Wednesday, February 16, 2011

Here is what I love about Tony Fernandez, aside from, like, the existential fact of Tony Fernandez

Such a stance.
Tony Fernandez is known to you, and indeed quite possibly loved by you, if you are a fan of, OK, let's see: the Toronto Blue Jays, San Diego Padres, New York Mets, Cincinnati Reds, New York Yankees, Cleveland Indians (though that one's complicated), Seibu Lions, or Milwaukee Brewers.  In the New Bill James Historical Baseball Abstract, which is the one you bought in 2001 after you read about it in Rob Neyer's column, Fernandez is ranked as the twenty-fourth best shortstop in baseball history according to James' then-novel, now-who-cares Win Shares formula (each Win Share is equal to exactly one third of a win! and there's no such thing as a negative Win Share so anything negative just gets zeroed out and diminishes the Win Share totals of everyone else on the team and the whole thing doesn't really make sense! OK cool!). Here is the complete text of the Fernandez entry in that weighty, weighty tome: "Hit .300, as a regular, in 1986, 1987, 1998, and 1999 -- but had an eleven-year stretch in mid-career in which he never hit higher than .287.  He is currently (year 2000) playing with the Seibu Lions in Japan. This cuts the number of teams that he has never played for to three."  This is pretty comprehensive.  I might have added something about how the way he would sidearm the ball to first was the coolest thing ever, but aside from that, all of the essentials are there.  Tony Fernandez hit for a nice average, and he played for pretty much everybody.  But what is neatest about Tony Fernandez, I think, is that he had four separate stints with the Blue Jays.  Four!    

Such a feed.
And the thing about that is this: Tony Fernandez is like a thread woven through the history of the Toronto Blue Jays, or at least the first twenty-five years of it.  If that last sentence is clumsy, you can take it up with the late great Tom Cheek for it, because he said it on the radio in 2003 and I wrote it down in my scorekeeping book and now eight years later, there it is, and if you don't like it, then yeah, take it up with a man who is dead, better than you, and also obviously correct, so you will lose badly for at least those three reasons.
There's nothing especially profound about it; it's just true, and neat.  Fernandez was signed in the Dominican Republic in 1979 by Epy Guerrero, the name most closely associated with how the Blue Jays, from the early days up to and and including the signing of Carlos Delgado years later, were totally on top of things in the Dominican.  Fernandez was called up in 1983, the first winning season in Toronto, and by the time they were among the best teams in baseball two years later, he had taken over for Alfredo Griffin as the everyday shortstop (Alfredo Griffin: another strong source of baseball feelings). And, yeah, maybe they blew it in 1985.  OK, they obviously, totally blew it in 1985, and went from a 99-win team to an 86-win team the next year, but the Blue Jays had arrived.  And so had Tony Fernandez: in the next four years he picked up four Gold Gloves, made three All-Star teams, and finished in the top ten in MVP voting for his pretty rad 1987 season (.322/.379/.426/many awesome sidearm throws to first).  The Blue Jays were winners, if not champions.  Tony Fernandez was an All-Star, if not an MVP.  Everything was cool.

Such a turn.
Then, in a move that shocked every twelve-year-old in Canada, Fernandez and Fred McGriff (who Joe Torre says in The Yankee Years "scared the shit" out of him, and rightly so) were traded for Joe Carter, who we kind of remembered as an Indian, and Roberto Alomar, who we'd never heard of, because he played in the National League, which, what the hell?  Anyway, as history has shown, that totally worked out.

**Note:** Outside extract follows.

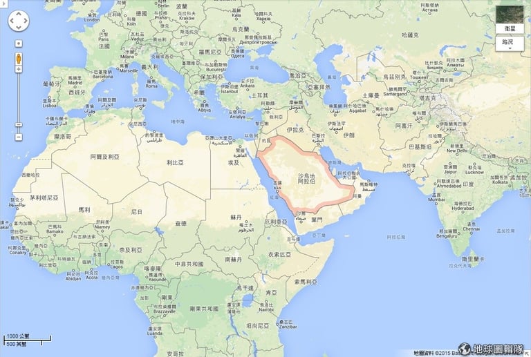 上圖紅色區域是沙烏地安拉伯,中東地區被戰爭和對抗意識分裂,沙烏地阿拉伯是在中東地區裡美國的重要夥伴。

And it was really, really cool that Tony Fernandez managed to make it back in time to get in on the championship years.  He'd been totally solid in San Diego before playing just awfully for the Mets, which meant a mid-season trade back to Toronto, where he utterly tore shit up for the remainder of the year and drove in nine runs -- Tony Fernandez drove in nine runs -- in the 1993 World Series.  That was awesome.  

Such a World Series.
To be completely honest, before sitting down to write this I couldn't have told you that Fernandez had spent any time at all with the Reds, but apparently he did the very next season.  I remember him much more clearly as a Yankee, though, I guess because we saw a lot of the Yankees, and then there was the whole Cleveland thing, in which Tony Fernandez was like "here you go, long-suffering Cleveland Indians fans, enjoy this game-winning home run to win the pennant and oh hey sorry about this error in the bottom of the 11th in game seven of the World Series because frankly that is totally my bad."  I don't know any real life Indians fans, or even any internet Cleveland fans, so I don't know this for sure, but I'm guessing they think that sucked.   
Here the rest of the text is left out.